Жак Ле Гофф

Средневековый мир воображаемого *

VI. К формированию политической антропологии

Является ли политическая история по-прежнему становым хребтом истории?

Для историка, сформировавшегося в русле научного направле­ния, названного — не знаю, справедливо или нет, — «школой Ан­налов», уже сам заголовок статьи может показаться странным.
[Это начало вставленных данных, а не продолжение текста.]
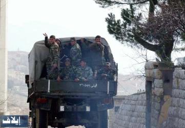 | جنود سوريون تعطلت شاحنتهم اثناء تعزيزهم موقع في الجبل يلوحون لإيلاف |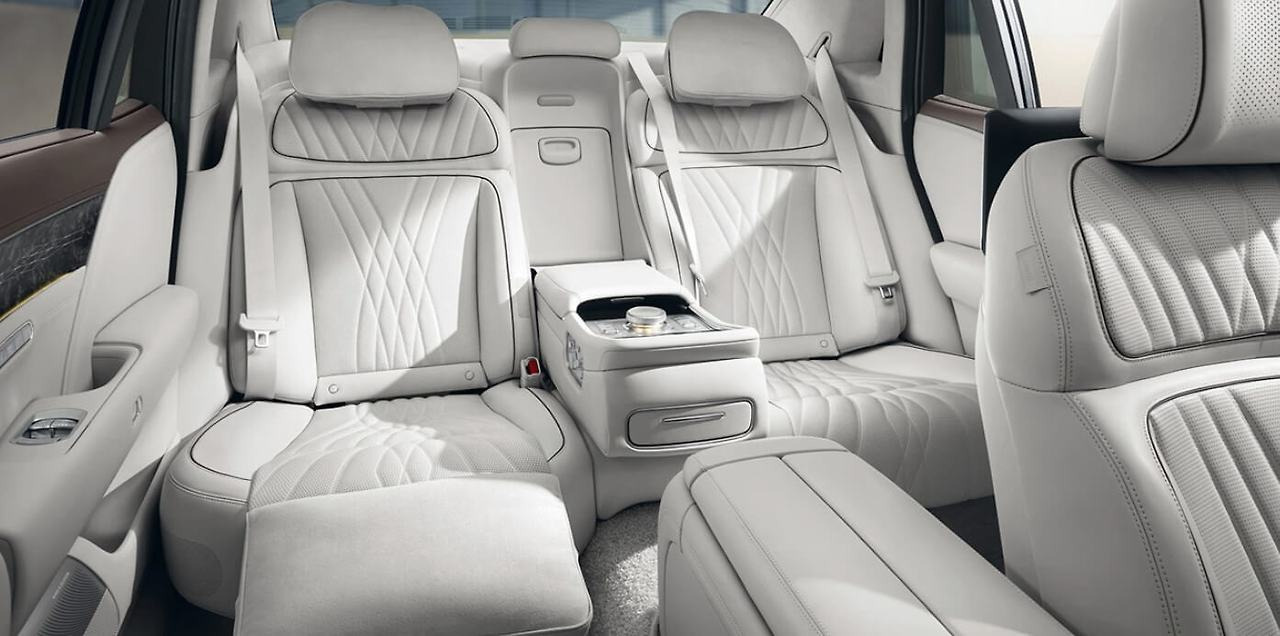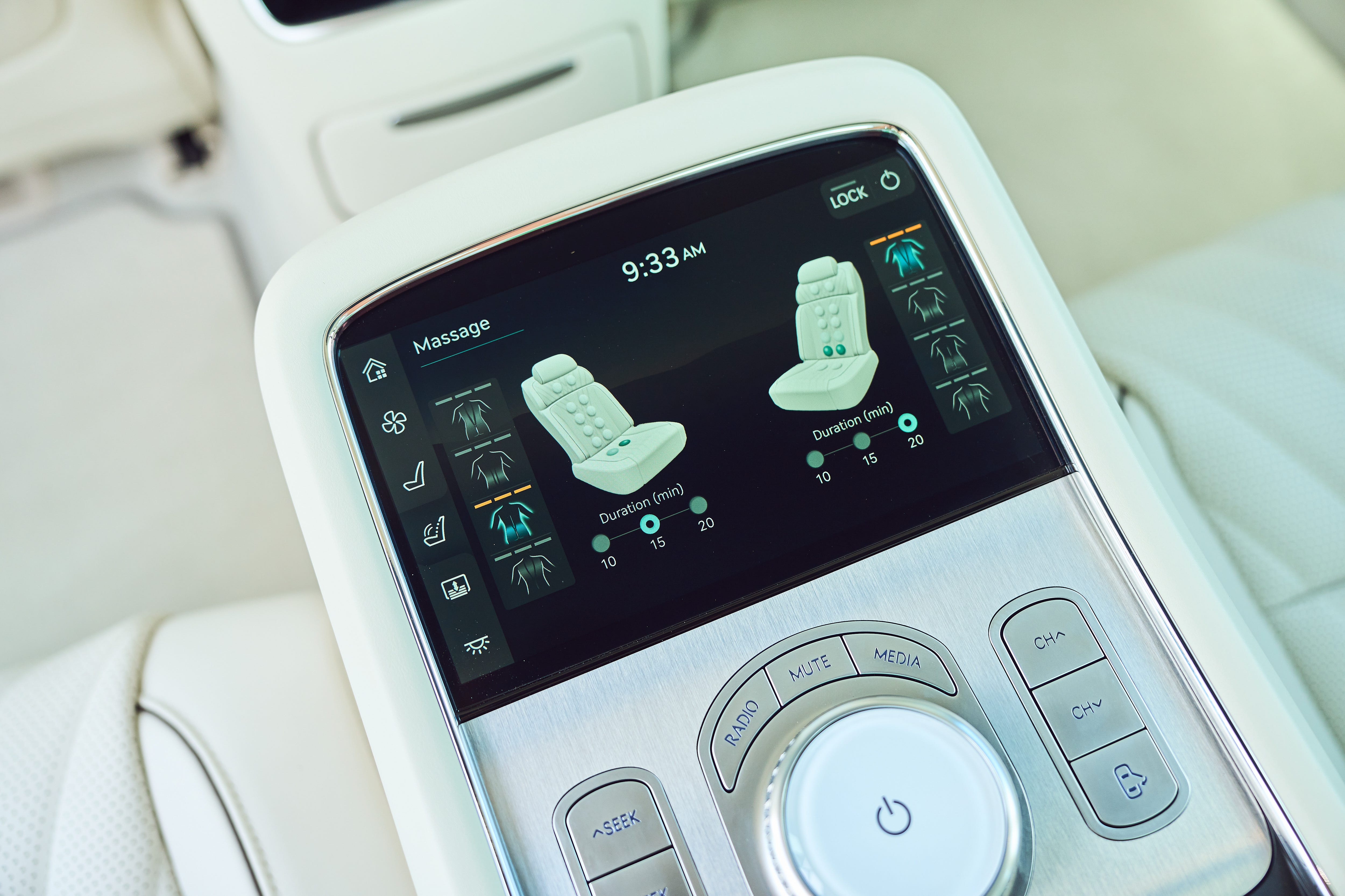 나파 가죽 시트, 고급 우드 트림, 금속 소재의 스위치 및 악센트가 확대 적용되었고, 특히 2열 탑승자 경험을 고려한 리클라이닝 시트 및 마사지 시트, 개별 공조 조절 기능 등이 포함되어 탑승자 중심의 설계라는 점이 강조됩니다.

Разве мы не были воспитаны в убеждении, что политическая история устарела и отжила свое? Это говорили, писали и повторя­ли Марк Блок и Люсьен Февр. Они заручились поддержкой вели­ких предшественников «новой» истории: Вольтера, заметившего в своем Опыте о нравах и духе народов: «Можно подумать, что в тече­ние четырнадцати столетий в Галлии были только короли, минис­тры да генералы»1, и Мишле, который в 1878 г. писал Сент-Бёву: «Если бы в изложении я придерживался только истории политиче­ской, если бы не учитывал другие элементы истории (религию, право, географию, литературу, искусство и т. д.), моя манера была бы совсем иной. Но мне надо было охватить великое жизненное движение, так как все эти различные элементы входили в единст­во повествования»2. Тот же Мишле, вспоминая свою Историю Франции, говорил: «В те времена — вынужден об этом сказать — я был одинок. Для всех остальных история была равна истории по­литической, истории правлений и отчасти государственных ин­ститутов. Все прочие аспекты, как-то; социальное состояние об­щества, развитие экономики и промышленности, литературы и общественной мысли, в расчет не принимались, хотя они сопро­вождают, объясняют и в определенной мере создают то, что назы­вается политической историей»3.
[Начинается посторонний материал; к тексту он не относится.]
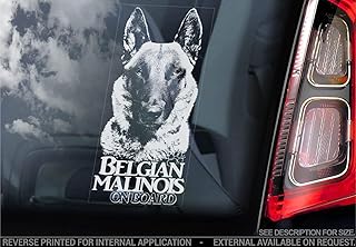 Sticker International Belge Malinois - Autocollant Voiture - Chien Signe Fenêtre, Pare-Choc Autocollant Cadeau - V001 - Blanc/Transparent - Interne Marche Arrière Imprimé, 195x100mm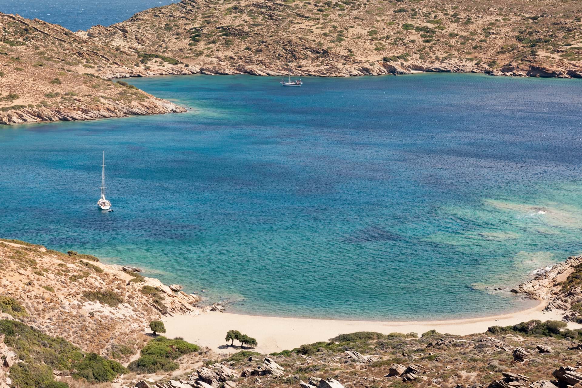 Ios Beaches - Tris Klisies Beach in Ios, Greece is a stunning beach situated on the southern part of the island. If you're looking for a secluded spot, this beach is perfect for you. It's also a popular destination for nudists. To get to Tris Klisies Beach, you'll need to hike along a small path for approximately 10-15 minutes after leaving your car. Once you arrive, you'll be greeted by golden sand and crystal-clear blue waters, offering a unique diving experience and the opportunity to relax while taking in an extraordinary view of the surrounding area. In addition, the rocky coastline bordering the beach is an excellent spot for boat exploration.

НЕ нашли? Не то? Что вы ищете?

В то же самое время догматический марксизм, увлекший за со­бой значительную часть историков, последовавших за его идеологами осознанно или инстинктивно, поверивших им ис­кренне или же, напротив, вставших на их платформу, чтобы в бо­лее или менее открытой форме их оспаривать, причислили политическое — вероятно, из-за слишком поверхностного чтения Маркса — к надстроечным факторам (суперструктурам) и рассмат­ривали политическую историю как эпифеномен истории произ­водственных отношений. Все помнят известный пассаж из пре­дисловия к «К критике политической экономии» Маркса4: «Сово­купность этих производственных отношений составляет экономи­ческую структуру общества, реальный базис, на котором возвыша­ется юридическая и политическая надстройка и которому соответ­ствуют определенные формы общественного сознания. Способ производства материальной жизни обусловливает социальный, политический и духовный процессы жизни вообще»5. Даже если не усматривать в позиции Маркса по отношению к политическому и к политике радикального пессимизма, который ряд интерпрета­торов, преимущественно недоброжелателей6, хотят в ней найти, ясно, что концепция марксизма об отмирании государства ни­сколько не способствует повышению авторитета всего, что отно­сится к сфере политики, включая политическую историю.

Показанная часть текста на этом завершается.